**What the task asks**
Repeat the entries below exactly. Drop the pictures.

(Data excerpts)

....................

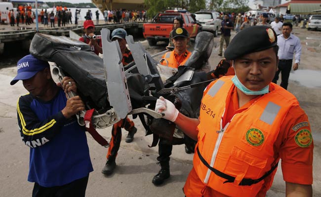 Rescue team members walk as they carry the wreckage of a seat of the AirAsia Flight QZ8501 airliner at Kumai port in Pangkalan Bun, January 19, 2015. (Reuters)
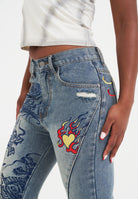 Womens Dragon Multi placement Seam Detail Jeans - Blue
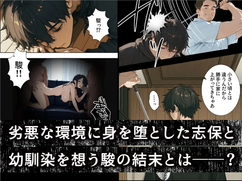 秩序が消失した隣家で、かつての清純な面影を完膚なきまでに破壊し、本能を剥き出しにしたドロドロの肉欲へと解体・再構築される、後戻り不能なわからせの全記録。 海外での3年間に募らせた駿の想いを嘲笑うかのように、実の親による無慈悲な蹂躙と他人に売られる肉体、身も心も一蓮托生に絶頂の深淵へと叩き落とされる、あまりにもエグい陥落の風景!
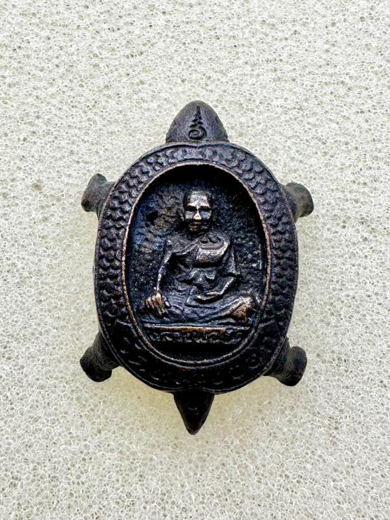 เต่าหล่อหลวงพ่อยิด วัดหนองจอก จ.ประจวบคีรีขันต์ เนื้อโลหะรมผิว |
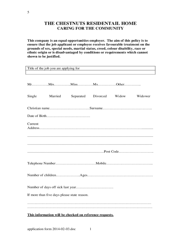 5THE CHESTNUTS RESIDENTIAL HOME CARING FOR THE COMMUNITY This company is an equal opportunities' employer. The aim of this policy is to ensure that the job applicant or employee receives favorable
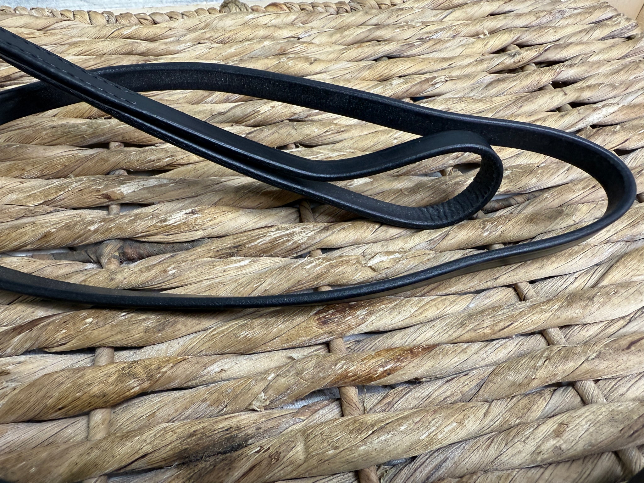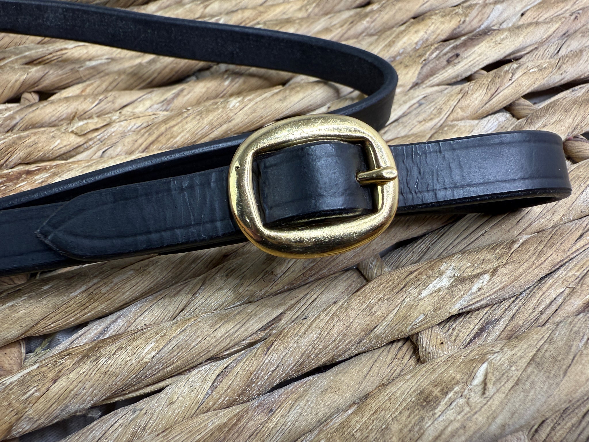 Black leather. 1/2” wide leather strap. Brass whole buckle and hand loop. 130cm long
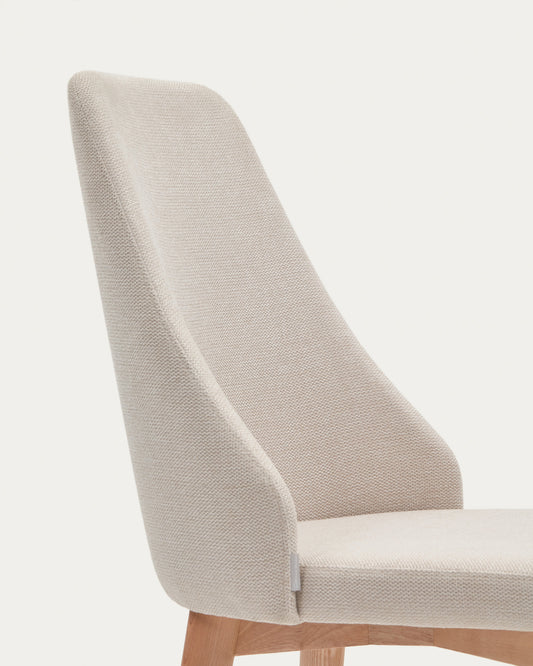 Rosie chair in beige chenille with solid ash wood legs in a natural finish
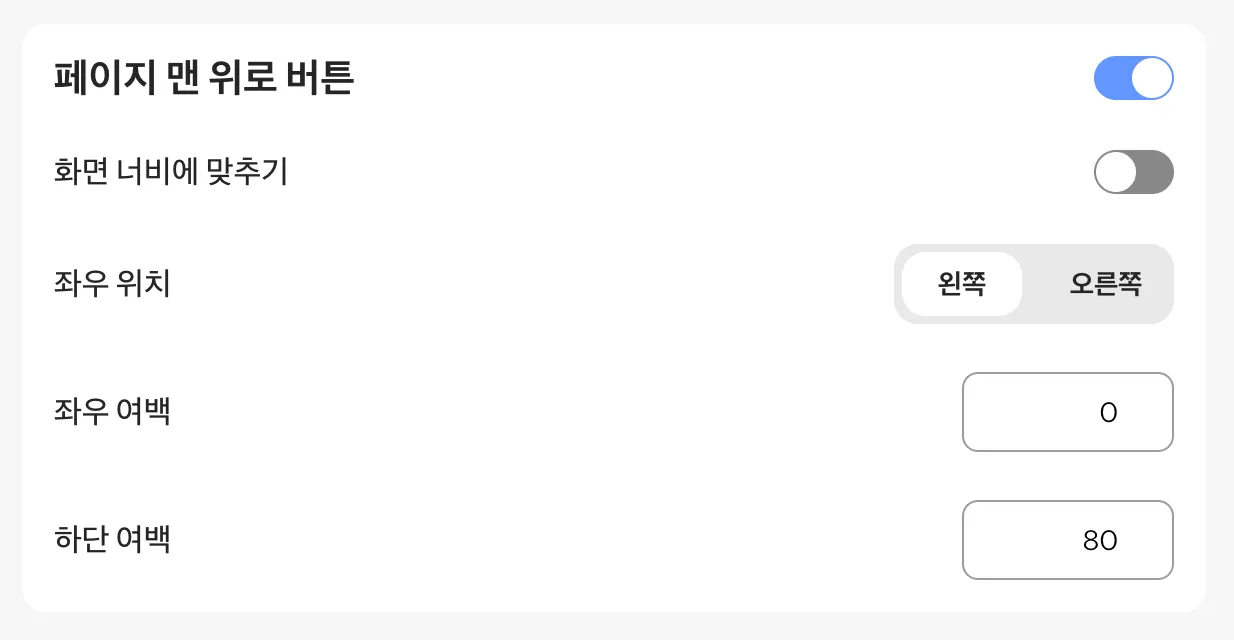 페이지 맨 위로 버튼은 커스텀하게 위치 설정을 할 수 있어요.

....................

**Problem solution**
 Rescue team members walk as they carry the wreckage of a seat of the AirAsia Flight QZ8501 airliner at Kumai port in Pangkalan Bun, January 19, 2015. (Reuters)
 Womens Dragon Multi placement Seam Detail Jeans - Blue
 秩序が消失した隣家で、かつての清純な面影を完膚なきまでに破壊し、本能を剥き出しにしたドロドロの肉欲へと解体・再構築される、後戻り不能なわからせの全記録。 海外での3年間に募らせた駿の想いを嘲笑うかのように、実の親による無慈悲な蹂躙と他人に売られる肉体、身も心も一蓮托生に絶頂の深淵へと叩き落とされる、あまりにもエグい陥落の風景!
 เต่าหล่อหลวงพ่อยิด วัดหนองจอก จ.ประจวบคีรีขันต์ เนื้อโลหะรมผิว |
 5THE CHESTNUTS RESIDENTIAL HOME CARING FOR THE COMMUNITY This company is an equal opportunities' employer. The aim of this policy is to ensure that the job applicant or employee receives favorable
 Black leather. 1/2” wide leather strap. Brass whole buckle and hand loop. 130cm long
 Rosie chair in beige chenille with solid ash wood legs in a natural finish
 페이지 맨 위로 버튼은 커스텀하게 위치 설정을 할 수 있어요.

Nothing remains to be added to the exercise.